Regarding claim 17, Fan discloses the apparatus of claim 1. Fan further discloses wherein the three-dimensional metamaterial is extendible to an arbitrary geometry and is to correct for aberration and shape electromagnetic wavefronts as a function of at least one of: polarization, incident angle, and wavelength (Fig. 2c, Fig. 2 caption Multifunctional meta-gratings that deflect normally incident waves of (i) two and (ii) five wavelengths to different diffraction orders; pg. 197, col 2, para 2- the device is illuminated with a plane wave that is incident from the desired beam deflection direction; pg. 201, col 1, para 2- the inverse design of metasurfaces is the extension of device layouts to fully three-dimensional (3D) shapes Theoretical analyses of multilayer metamaterials demonstrate the great potential of multilayer metamaterials to serve as high-efficiency, aberration-corrected elements).
Regarding claim 18, Fan discloses a method comprising: producing or accessing a grayscale dielectric profile associated with a certain electromagnetic response (Fig. 1; pg. 197, para 2- The device comprises a set of subwavelength-scale voxels and is initialized with random grayscale dielectric value; pg. 197, para 2-3 The dielectric constant at each voxel is then iterative updated using the expression for gradient descent above the condition that final devices take discrete dielectric constant values can be enforced by gradually increasing the magnitude of penalty terms in the figure of merit that penalize the presence of grayscale dielectric values); and via the grayscale dielectric profile, providing a three-dimensional metamaterial corresponding to the certain electromagnetic response (abstract- Metasurfaces are thin-film electromagnetic devices with subwavelength-scale geometric structuring.
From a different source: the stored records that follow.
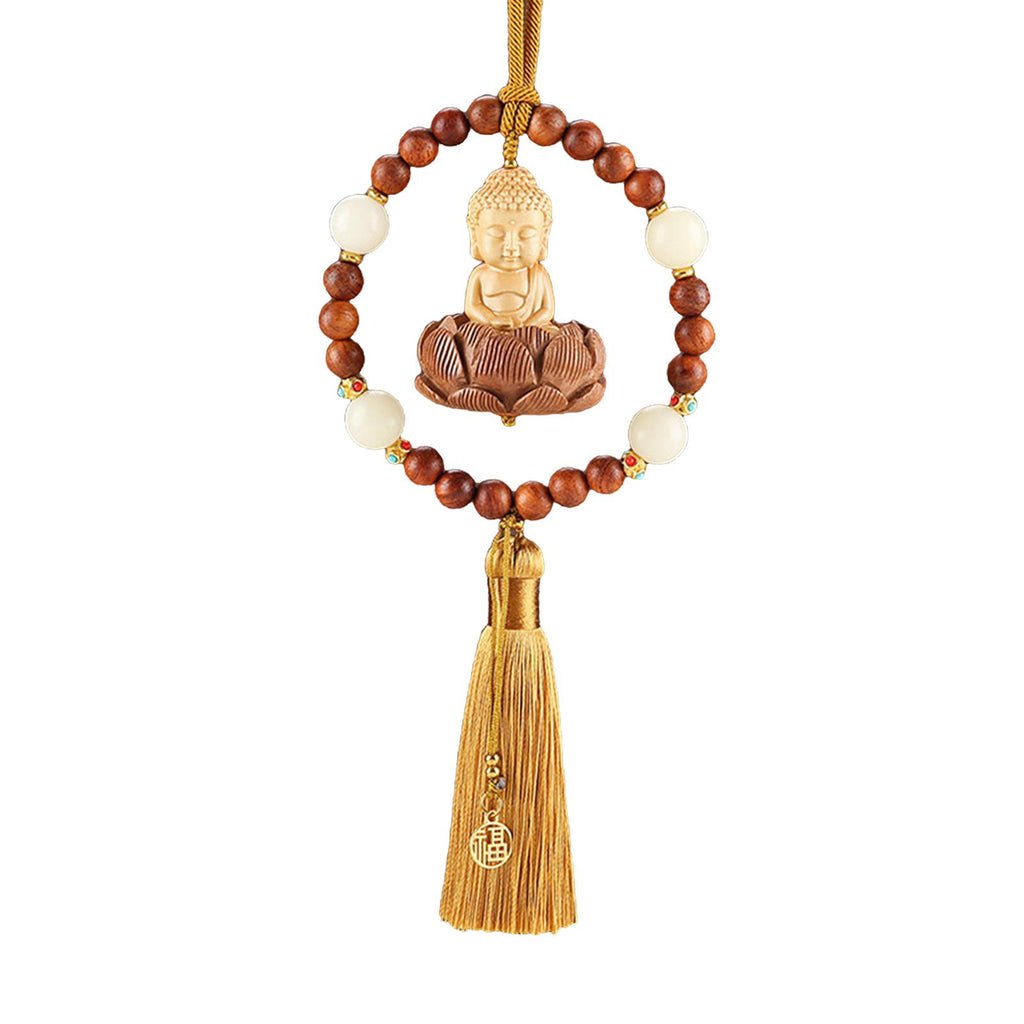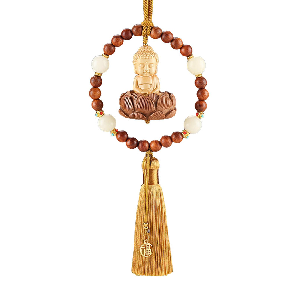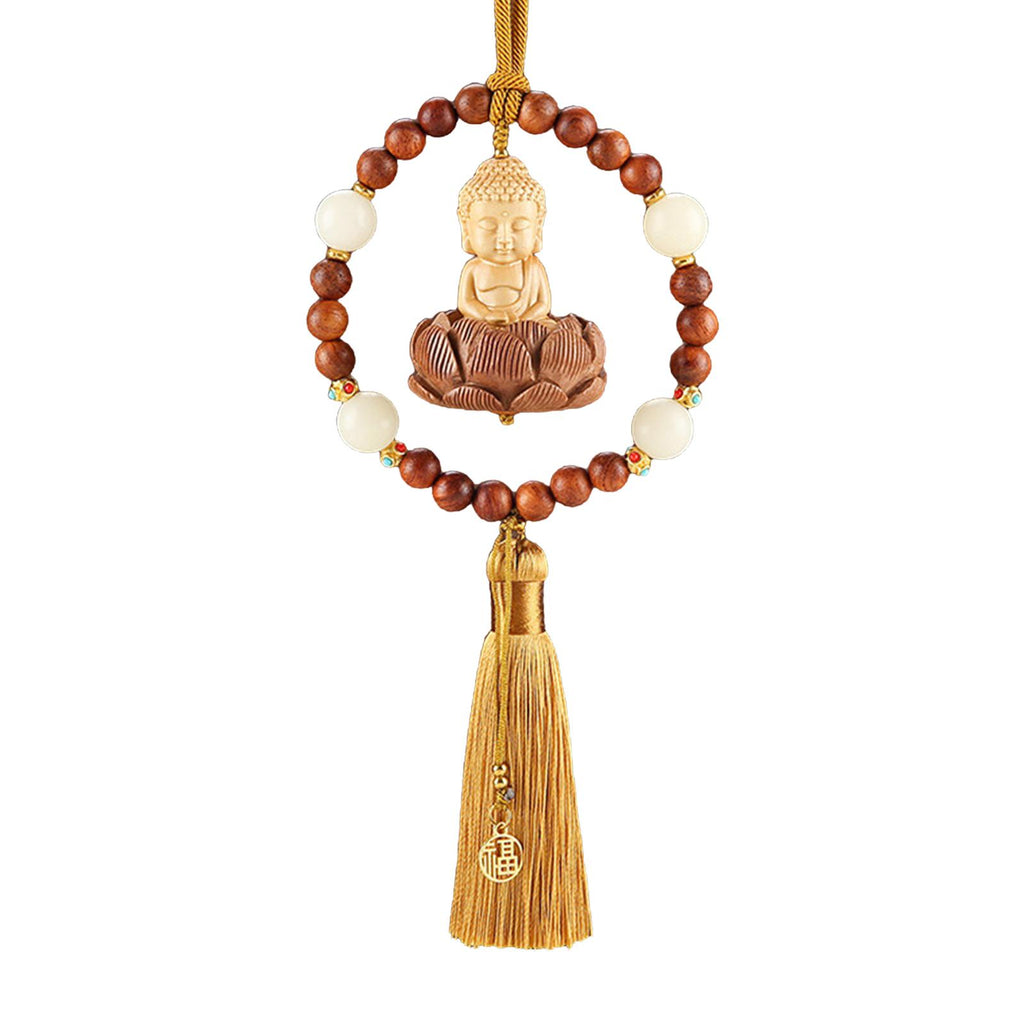 【Auto Interior Dangle】: Delicate Buddha statue car rearview mirror pendant, decorated with lotus base, beads, lucky sign, and tassel, fashion and beautiful.
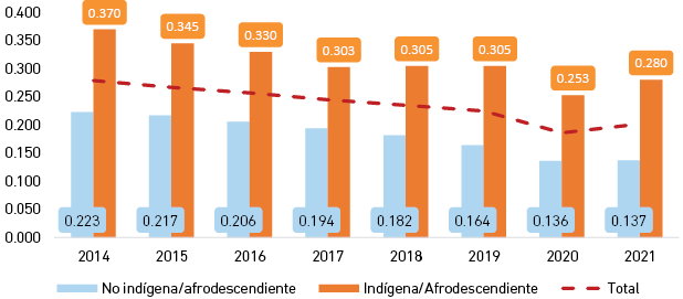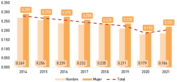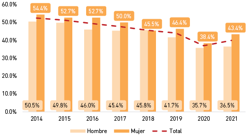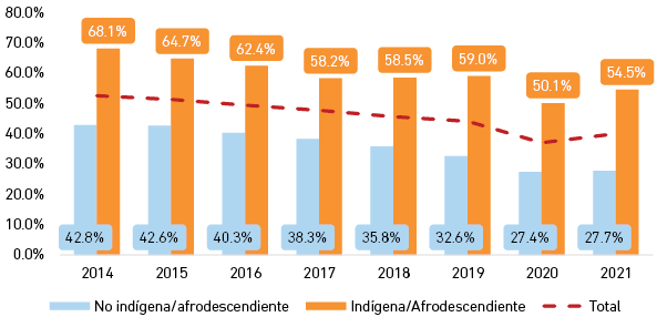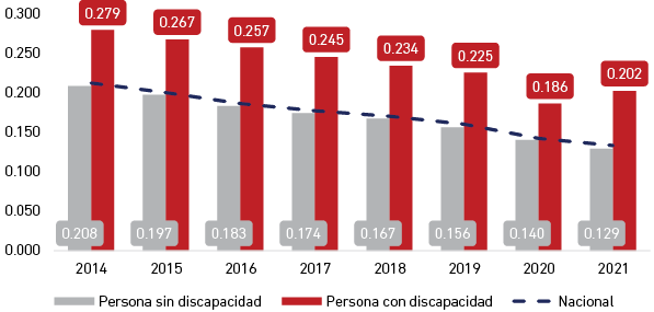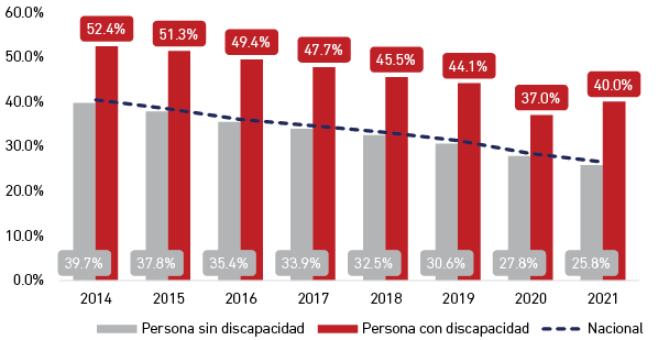 Se evidenció que la población con discapacidad se encuentra sistemáticamente en una situación de mayor pobreza multidimensional. Los resultados mostraron una brecha persistente que coloca a las personas con discapacidad en situación de desventaja, con un aumento del 12,7 % en el 2014 a 14,2 % en el 2021. Aunque la pobreza multidimensional disminuyó en ambas poblaciones, la brecha entre ellas se mantuvo constante y se incrementó en el último año.
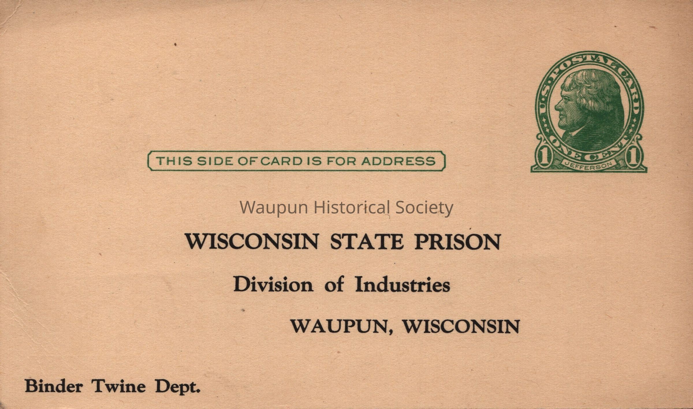 Postcard, Corrections, Wisconsin State Prison, Binder Twine
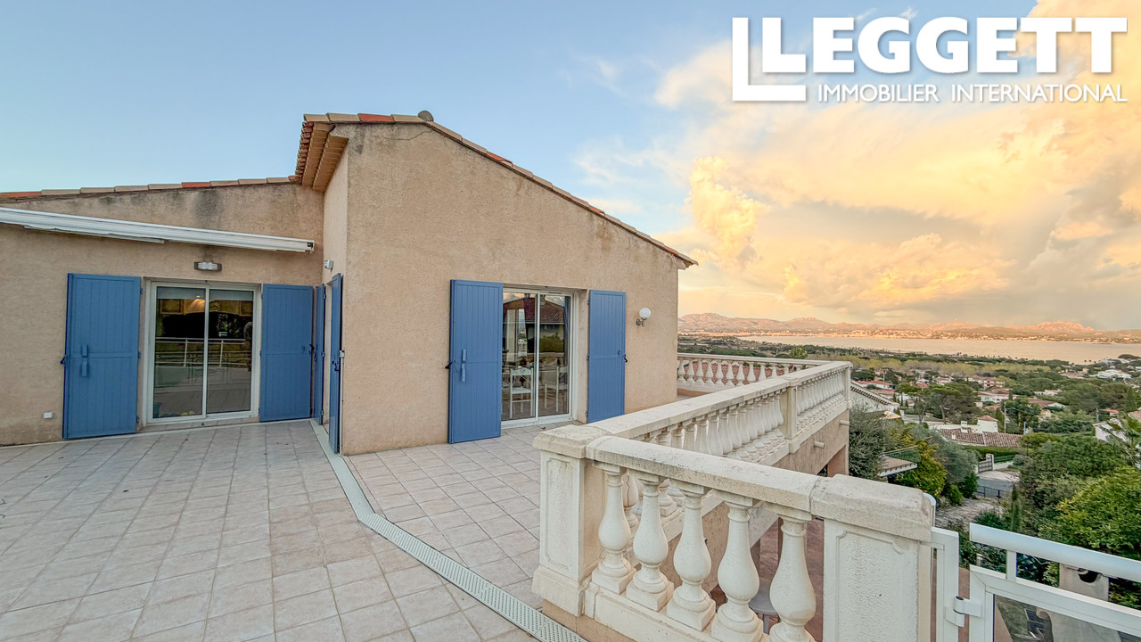 A41463JTO83 - Spacieuse villa avec vue sur la mer à Fréjus, avec un salon lumineux et une terrasse panoramique donnant sur la Méditerranée et les montagnes environnantes. Le niveau principal comprend un grand salon avec cheminée, une cuisine avec portes donnant sur la terrasse et la piscine, 4 chambres doubles et deux salles d'eau. Le rez-de-jardin comprend un appartement d'amis de 3 chambres avec accès indépendant, 2 salles de bains, un salon, une buanderie et le garage. Située sur un terrain de 1 110 m² facile d'entretien avec piscine et terrasses, la propriété comprend la climatisation, des panneaux solaires, un tout-à-l'égout et se trouve à seulement 5 minutes en voiture des plages locales.
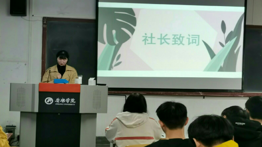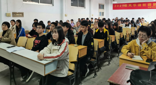 在主持人激昂的开场白后,新生见面会正式开始。首先,本届社长周倜上台发言。她先是对大家的到来作出欢迎,随后对社团进行了介绍。在介绍中她强调,风华诗社作为pp电子网站下设的九大社团之一,将继续以“继承优秀传统文化,弘扬爱国爱民精神”为原则,举办各种形式多样的活动,为社员们的学习交流提供更好的平台。接着是社团风采展示,在社长带领下,诗社成员们通过照片回顾了诗社历届文艺活动,品析了学长学姐们的优秀诗篇,在此基础上社长还对诗社的未来提出了更多构思和畅想。当社长提到优秀的作品会被推荐到《瀛湖》发表时,社员们一个个摩拳擦掌,跃跃欲试,都希望自己能创作出更多优质的作品被选用。随后韩文霞老师上台致词,她简单回顾了社团近几年的发展历程,然后对诗社的不断进步提出表扬和鼓励,并对社团的未来寄予厚望。当提到文学创作时,她谈道:对待文学我们需要端正态度,要积极、主动地利用好身边的资源去学习和创作。在诗社这个大家庭里,大家可以共同交流,相互借鉴,用文字表达自己内心最真挚的情感。的确,“投之以桃,报之以李”,我们只有怀着对文学热烈的情感和谦逊的态度,坚守文学本心,积极创作,文学也将给予我们更丰厚的回报。韩老师的发言风趣幽默,引来阵阵笑声,但笑声过后其中的道理却又值得所有人回味深思。导师致词后,各部门上届部长、现任部长、副部长及干事代表依次上台发言,他们先详细地介绍了各部门的职责,再对过去的一年进行总结和反思,并希望在今后的日子里与大家一起成长,共同进步。活动最后由社长、副社长上台对本次见面会作出总结,并对新一年的社团工作做好新的规划和安排。
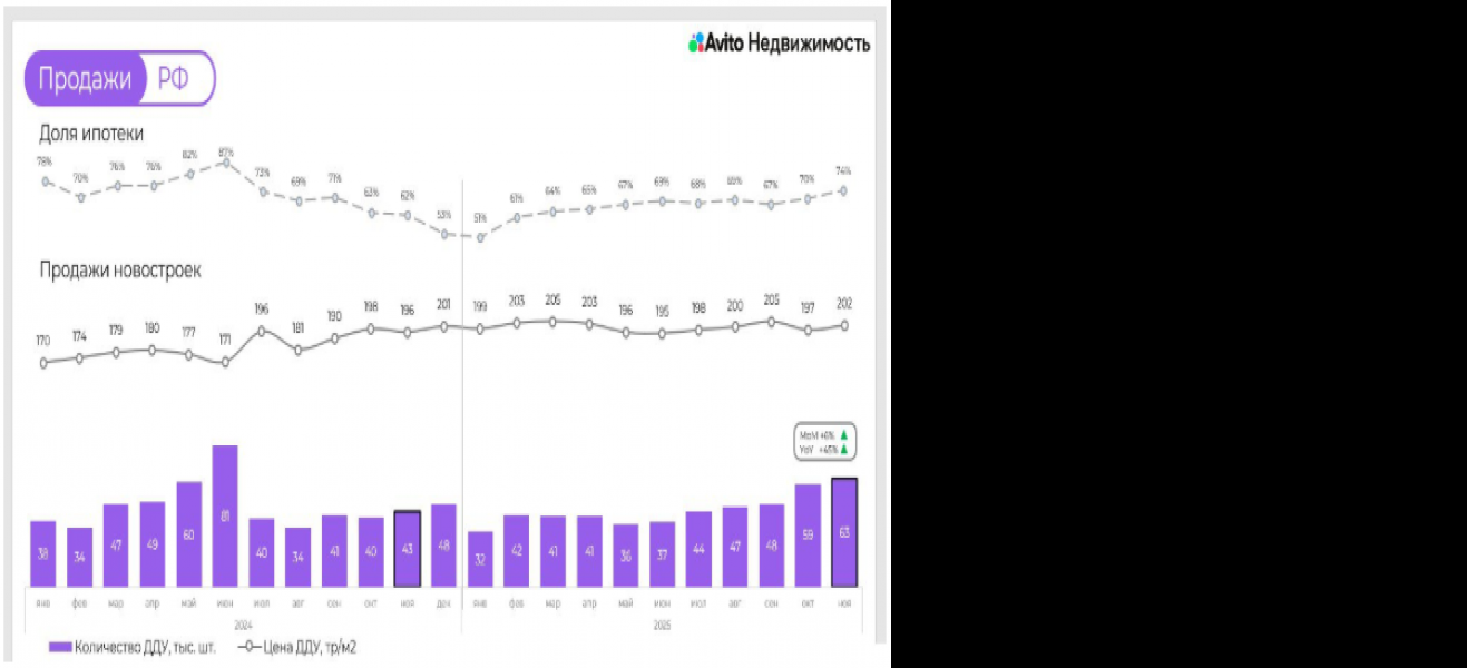 Объем строительства по сравнению с ноябрем 2024-го вырос на 1% до 120,8 млн кв. м. При этом старт новых проектов и ввод объектов в эксплуатацию сократился на 15% и 5% соответственно.
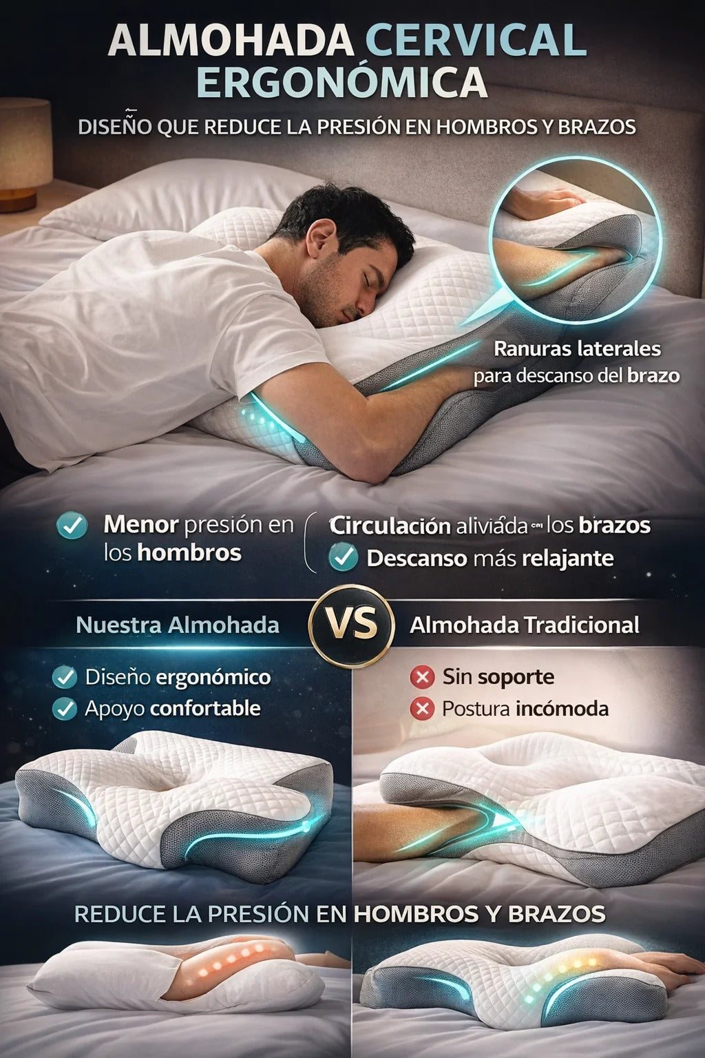 Sí. Este tipo de almohada ayuda a relajar la musculatura cervical y favorecer una mejor alineación del cuello, algo útil para personas que pasan mucho tiempo frente al computador o mirando el celular.

They can be tailored to produce a broad range of optical functions due to the strong relationship between electromagnetic response and geometric shape; pg. 201, col 1, para 2- the inverse design of metasurfaces is the extension of device layouts to fully three-dimensional (3D) shapes).
Regarding claim 19, Fan discloses the method of claim 18. Fan further discloses wherein producing or accessing a grayscale dielectric profile includes using an algorithm, involving topology optimization or an inversion design, to create the grayscale dielectric profile for the certain electromagnetic response, and wherein providing a three-dimensional metamaterial corresponding to the certain electromagnetic response includes using an additive process to form the three-dimensional metamaterial (abstract- Metasurfaces are thin-fiIm electromagnetic devices with subwavelength-scale geometric structuring. They can be tailored to produce a broad range of optical functions due to the strong relationship between electromagnetic response and geometric shape topology optimization as a design platform for high-performance, freeform metasurfaces. Two types of topology optimizers are covered-local gradient-based optimizers that leverage the adjoint variables method, and global population-based optimizers that reframe the optimization process as the training of a generative neural network; pg. 201, col 1, para 2- the inverse design of metasurfaces is the extension of device layouts to fully three- dimensional (3D) shapes nanoscale 3D printing).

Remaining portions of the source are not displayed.